RODRIGO FONSECA
Ok, tá em cima, pois é daqui a pouco… bem pouco… às 11h, no Estação NET Rio… mas a chance derradeira para ver “Megalópolis” em tela grande aqui no Rio de Janeiro tá ao alcance de um clique no Ingresso.Com ou de um ônibus pra Botafogo. É a mais irregular das iguarias cinéfilas de 2024, a mais destrambelhada das grandes invenções da telona, o mais desesperadamente poético gesto de invenção que um mestre da telona realizou este ano. É imperfeito, mas é imperdível. Chegou aqui graças ao empenho da O2 Play, que ainda trouxe Francis Ford Coppola para o país, no fecho da Mostra de São Paulo, onde o octogenário diretor recebeu o Prêmio Honorário Leon Cakoff pelo conjunto de uma obra magistral.
Entre todos os concorrentes do 77° Festival de Cannes, o título que mais chamava atenção e mais mobilizava apostas foi “Megalópolis”. Sua primeira exibição teve sabor de controvérsia. É um exercício autoral de risco absoluto, mas que beira a extravagância, resvalando no excesso e até na caricatura, como um trem desgovernado. Apesar de seu aparente desgoverno, sua dimensão de poesia é inegável, e irresistível, como foi “A Idade d Terra” (1980), de Glauber Rocha. A música de Osvaldo Golijov é um dos raros pontos em que essa produção de US$ 120 milhões (bancadas pelo próprio Coppola, com o dinheiro de suas vinícolas) não gera uma dissonância de opiniões, assim como a atuação de Giancarlo Esposito, no papel do prefeito de uma Nova York apresentada como Nova Roma.

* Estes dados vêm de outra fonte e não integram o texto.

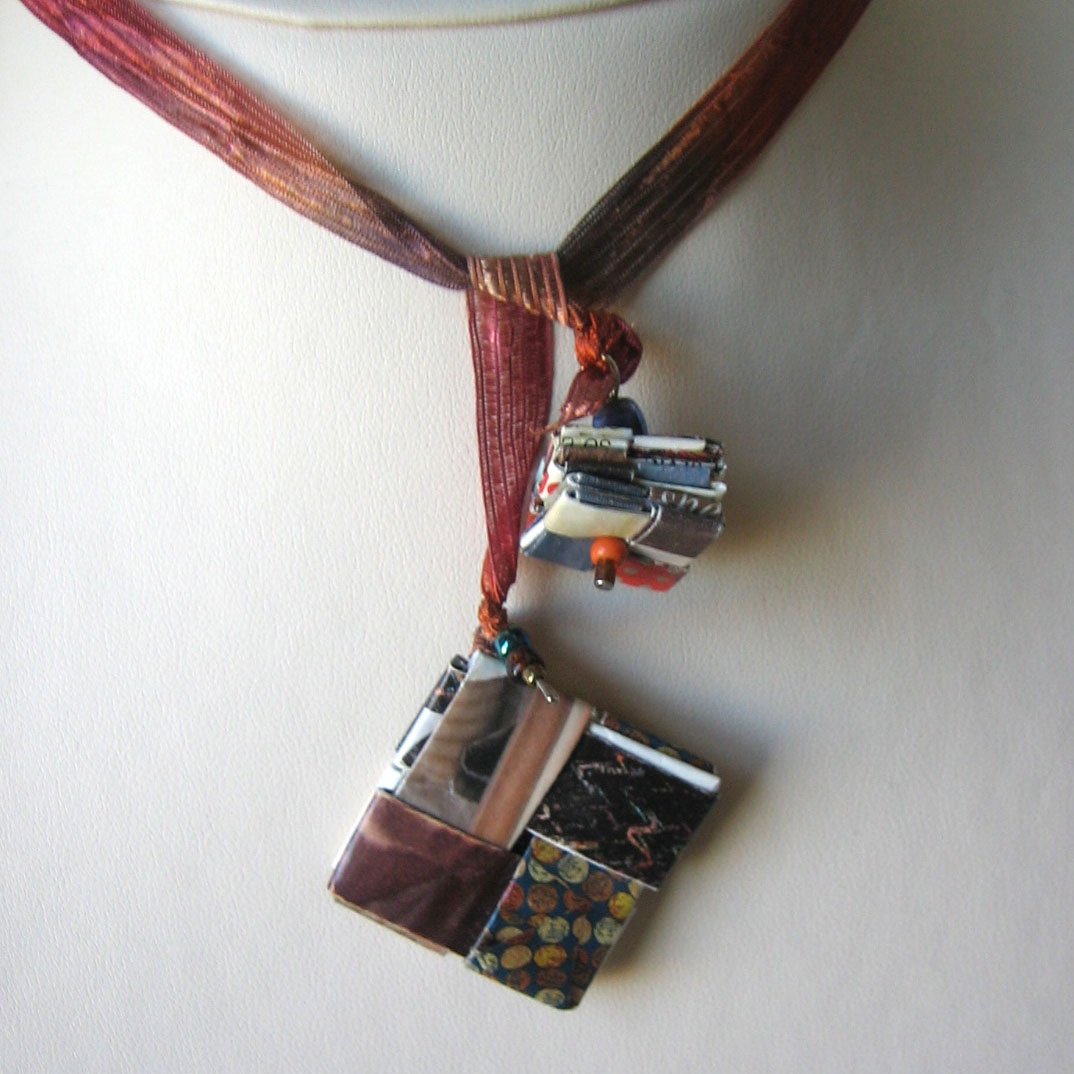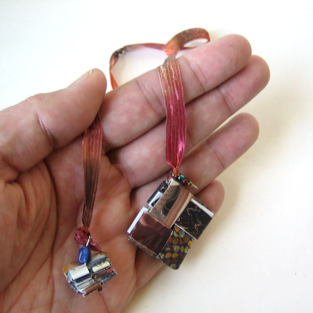I love the earthy yarn colors that compliment the earthy colors of the junkmail that I have carefully folded into two small pendants.
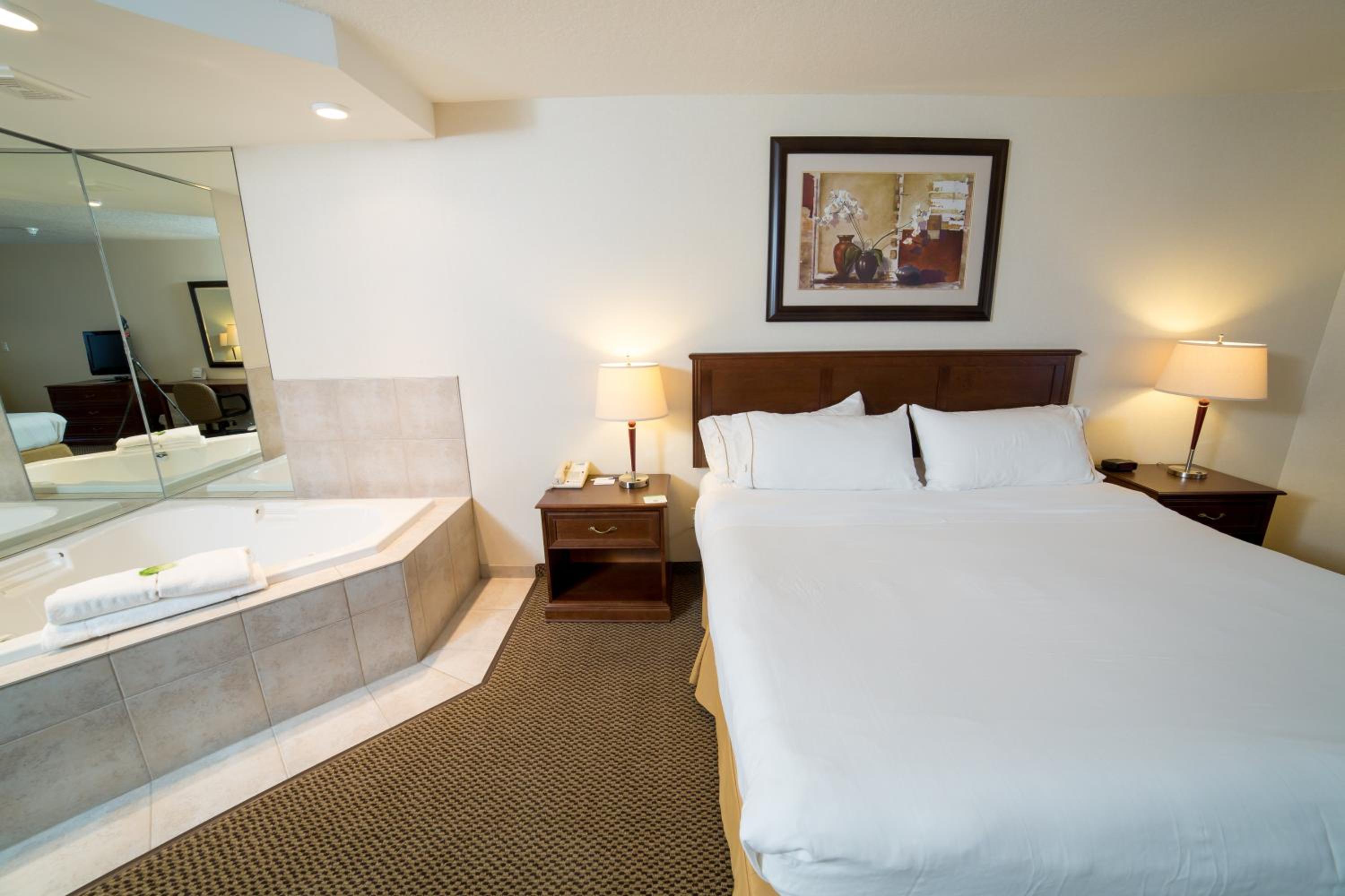 Indulge in relaxation at our Drayton Valley Hotel with a soothing hot tub, perfect for unwinding after a long day of adventures.
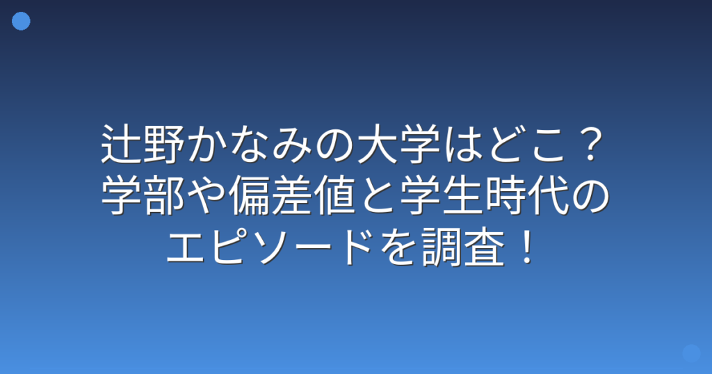 辻野かなみさんの大学について、ファンの間で話題になっていますね。 才能あふれる辻野かなみさんがどのような学生生活を送っていたのか、気になる方も多いのではないでしょうか。 そこで今回は、辻野かなみさんの大学や学部、偏差値、学生時代のエピソー... -
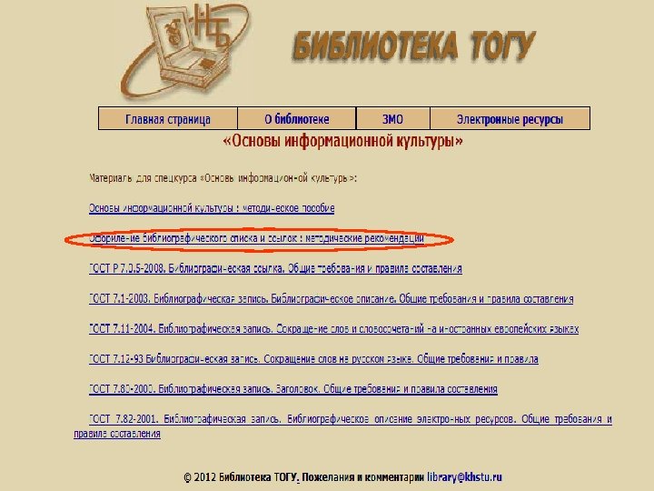 В библиографическом списке описание документов осуществляется в соответствии с ГОСТ 7. 1 -2003 «Библиографическая запись. Библиографическое описание. Общие требования и правила составления» , который действует с 1 июля 2004 г. В настоящее время ссылки оформляются в соответствии с ГОСТ Р 7. 0. 5. -2008 «Библиографическая ссылка. Общие требования и правила составления» (введен с 1 января 2009 г. ). Специально для библиографической обработки электронных документов действует ГОСТ 7. 82 -2001 « «Библиографическая запись. Библиографическое описание электронных ресурсов. Общие требования и правила составления» (введен с 1 июля 2002 г. ). В нем общие правила конкретизированы для электронных ресурсов.
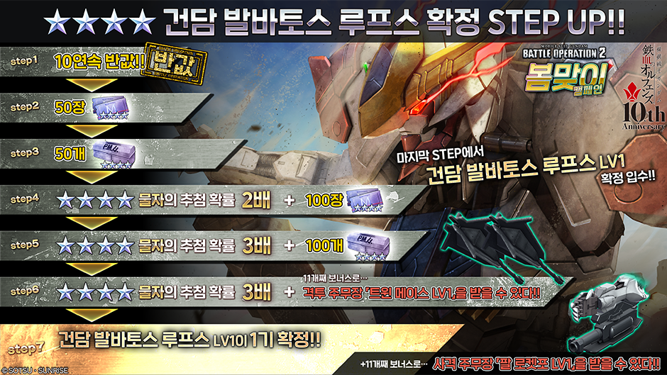 - ・STEP6 (30토큰):11번째에 보너스로 개량 키트[★★★★★] 100개를 입수!
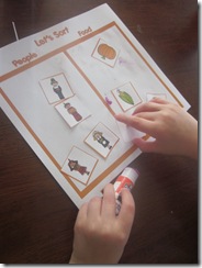 Sorting people and food, gluing into the correct boxes. I drew a smiley face in the people box & an apple in the food box. I cut out the pieces for Max, explained how to sort them, and he did the rest perfectly.
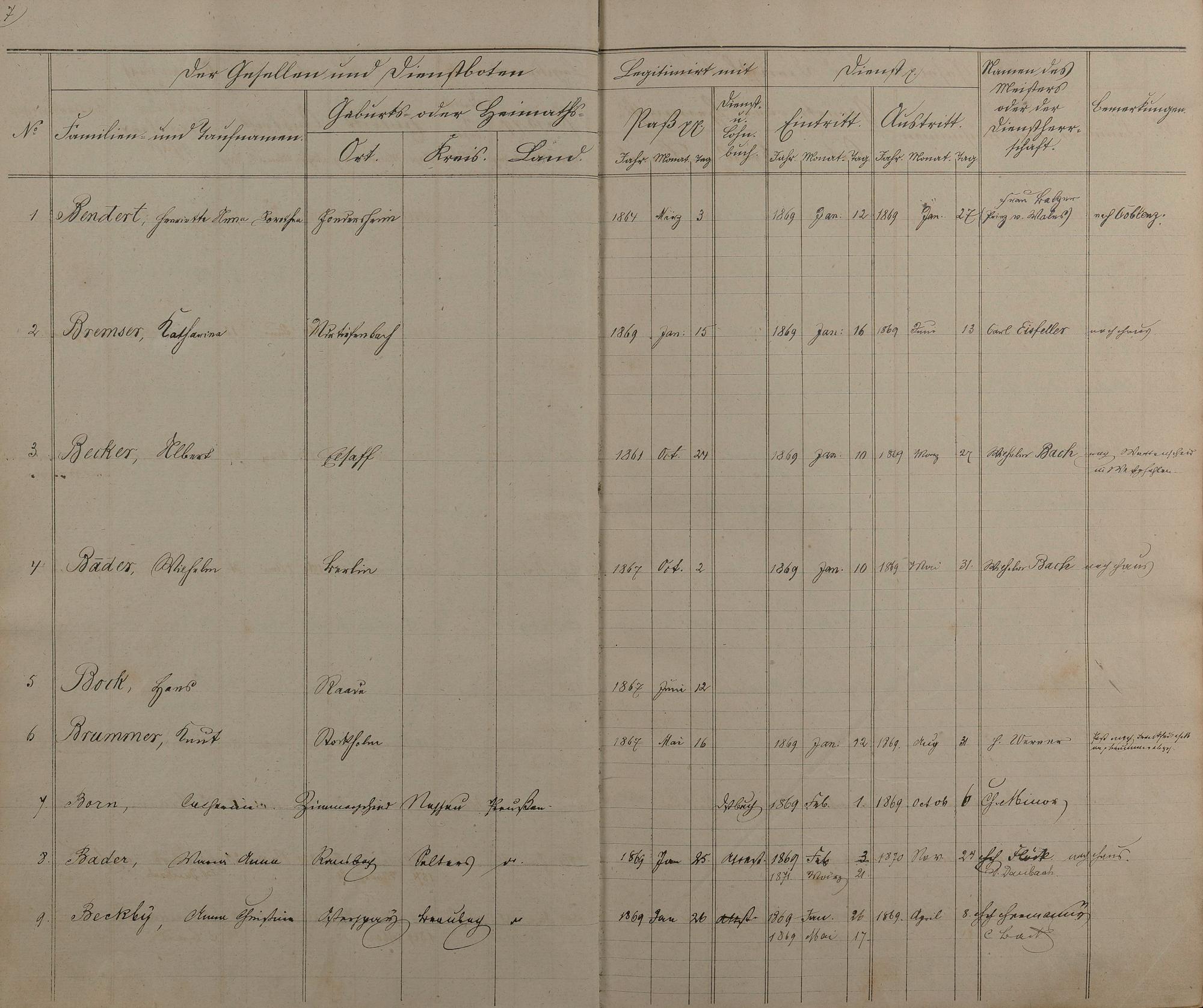 Melderegister der Gesellen und Dienstboten

Depois do fenômeno “Oppenheimer”, que faturou US$ 972 milhões e conquistou sete Oscars, a indústria do audiovisual anseia por longas voltados para plateias adultas, com temáticas de tons polêmicos, que possam faturar muito e alcançar prestígio. Em abril, quando as primeiras imagens do experimento de Coppola foram divulgadas, sua superprodução passou a ser encarada como esse potencial sucesso pelo qual Hollywood tanto anseia. Depois de Cannes, contudo, as certezas deixaram de ser unânimes. Há quem defina a película como um tropeço e há quem veja nela um poema com absoluta liberdade narrativa. Ninguém fala em obra-prima, mas todos enxergam ali liberdade plena… e vigor.
Nos EUA, os estúdios da Meca do cinemão não se mobilizaram para dar apoio ao diretor de ‘O Poderoso Chefão” (1972) em seu projeto quase faraônico. Inicialmente, Paul Newman (1925-2008) seria seu protagonista. Depois, falou-se em Kevin Spacey. Acabou que o papel principal ficou com Adam Driver, que é uma escalação bem inadequada, apesar do enorme talento dele.
Numa sequência inquietante, o personagem de Driver, o arquiteto Cesar Catilina, caminha sobre o teto de uma construção nababesca e observa os céus de sua cidade até que, prestes a cair, ele consegue parar o tempo com uma palavra de ordem, estalando o dedo para que tudo volte a funcionar. Ganhador de um Prêmio Nobel, Cesar costuma ser definido como cientista após ter inventado uma substância, o Megalon, capaz de paralisar o fluxo temporal. Seu sonho é construir um mundo utópico. Toda a trama faz referência explícita ao Império Romano, desde os nomes dos personagens até diálogos em latim na narração feita por Laurence Fishburne. Sua forma de narrar abre espaço para reflexão filosófica acerca da ponte entre aquele mundo e uma tradição imperial que sucumbiu pela barbárie. Cesar é uma figura controvertida, com um histórico afetivo traiçoeiro. Ao alcançar fama, ele almeja criar uma NY perfeita, apesar de o alcaide do local, Cícero (Esposito), discordar de seus atos. A peleja deles é narrada com muita experimentação e até com imagens documentais. Num dado momento da projeção de Cannes, uma pessoa subiu no palco e se dirigiu à tela. É um exercício do chamado “cinema ao vivo”. A pessoa simulava ser um entrevistador que se dirigia a Cesar, na tela, numa conversa tridimensional, como se fosse em tempo real.
Há um elenco de peso na telona, que reúne Dustin Hoffman (brilhante), Jon Voight, Aubrey Plaza, Nathalie Emmanuel, Shia LaBeouf e Talia Shire (irmã do cineasta). As filmagens aconteceram em 2022 e 2023, nos estúdios Trilith, em Atlanta, na Geórgia.